The original one ( http://www.kalzumeus.com/2010/06/17/falsehoods-programmers-b... ) left me bafled. Then I realized you have to strike a balance; otherwise you cannot deal with names at all. The point where drawing the line depends on your industry/customers, but I'd safely say that it's too restrictive nowadays so these lists are useful somewhat and of course they are interesting.

  • kibwen 9 years ago

    It's true that you have to draw a line somewhere based on technical and business constraints, but an important takeaway of the names article is that you almost certainly don't need to do anything with a name other than treat it as an opaque string that can be displayed back to the user. For example, I'm struggling to think of a good reason why user registration would require separate first name and last name fields, and yet this practice is overwhelmingly common. For that matter, why do you want my real name at all, considering that it can't be used as a unique ID anyway?

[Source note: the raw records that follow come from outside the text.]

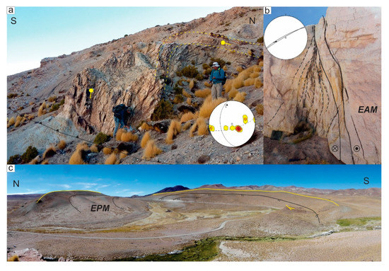 - Coutand, I.; Cobbold, P.R.; De Urreiztieta, M.; Gautier, P.; Chauvin, A.; Gapais, D.; Rossello, E.A.; López-Gamundí, O. Style and history of Andean deformation, Puna plateau, northwestern Argentina. Tectonics 2001, 20, 210–234. [Google Scholar] [CrossRef]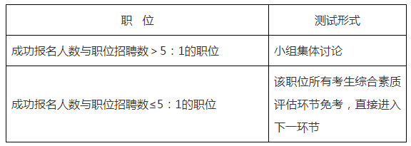 4.综合素质评估主要采取小组集体讨论形式,对考生进行考察。各职位具体考核形式见下表。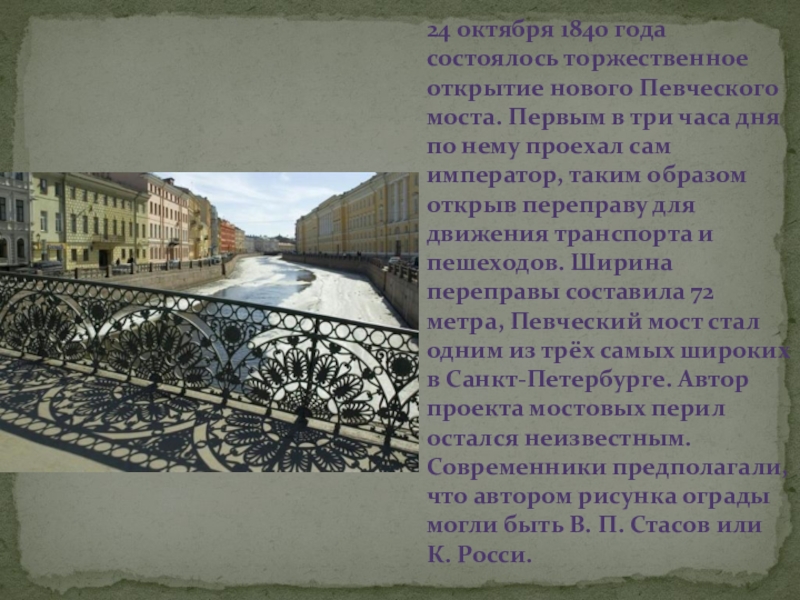 моста. Первым в три часа дня по нему проехал сам император, таким образом открыв переправу для движения транспорта и пешеходов. Ширина переправы составила 72 метра, Певческий мост стал одним из трёх самых широких в Санкт-Петербурге. Автор проекта мостовых перил остался неизвестным. Современники предполагали, что автором рисунка ограды могли быть В. П. Стасов или К. Росси.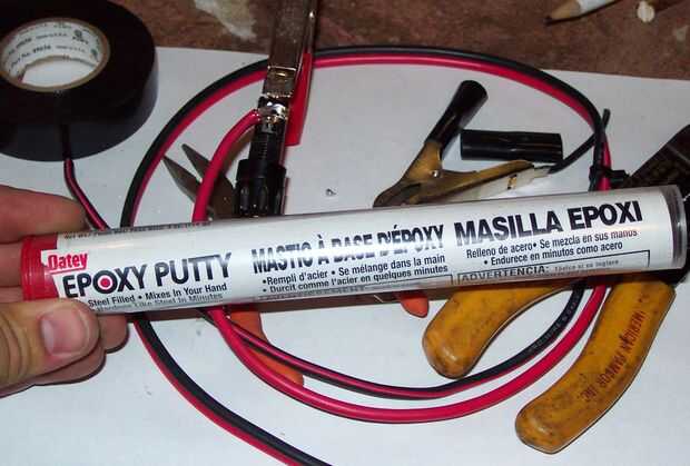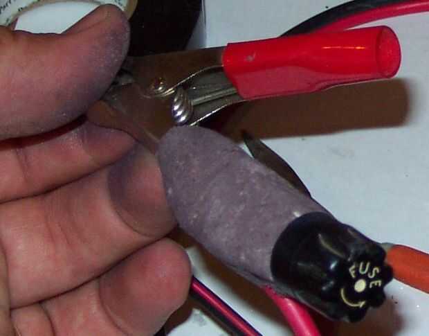 Esta es la parte de la novela.  Utilicé el arma secreta del hacedor #36--tuberías epoxi.   Home Depot tiene en la isla de plomería.  Esto es fantástico.  Ir a comprar un tubo de él ahora.  Es endurecedor de epoxy en el paquete.  Corte la cantidad que desea utilizar, amasa y luego la forma en la forma que desee.  Se pega al cristal y todo lo demás.  Puede ser perforado y presentado después de que endurezca.  Cortar aproximadamente 1.25" de las cosas del 3/4" tubo del diámetro para cada manija.  Luego lo formaron alrededor de la pinza y el portafusible para convertirlos en un conjunto sólido.  Es forma un agradable vínculo sólido y los portafusibles son uno con el mango después de cura en aproximadamente 5 minutos.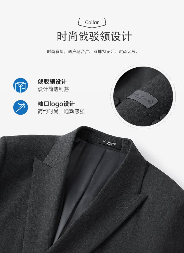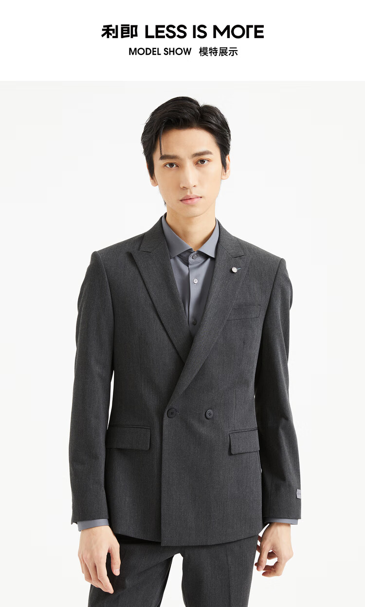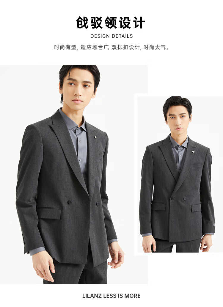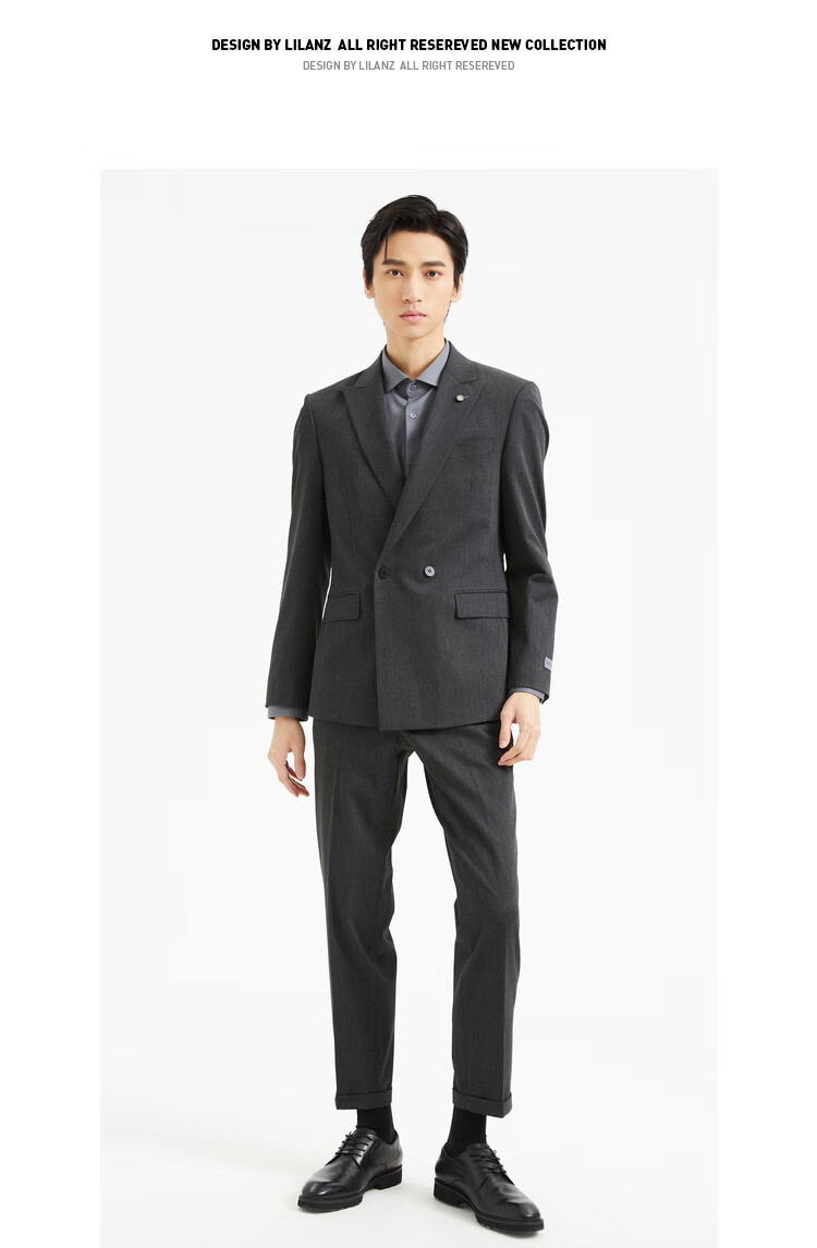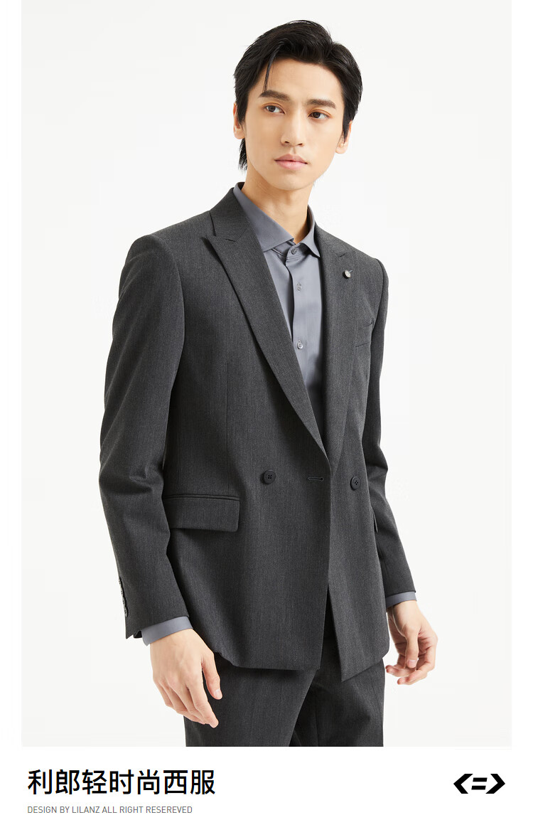 Lilang Youth Business Men's Wear Shopping Mall Suit Suit Men's Double-Breasted Suit Two-piece Set Q4QXF10 Medium Gray 170A

    • smallnamespace 9 years ago

      But sometimes your government expects names to be broken into given and family names (the US, Japan, and China all seem to make this assumption -- every government form I've seen from those countries wants your name fully broken out).

      I've no direct experience with, say, Russian or Latin American governments, but cultures that use explicit patronymic or matronymic names might expect that broken out as well.

      If you ever need to submit user data to the government (e.g. for tax reasons), and you don't ask your user to break the name apart, then you will necessarily be guessing, which seems strictly worse than just asking them how their name might split.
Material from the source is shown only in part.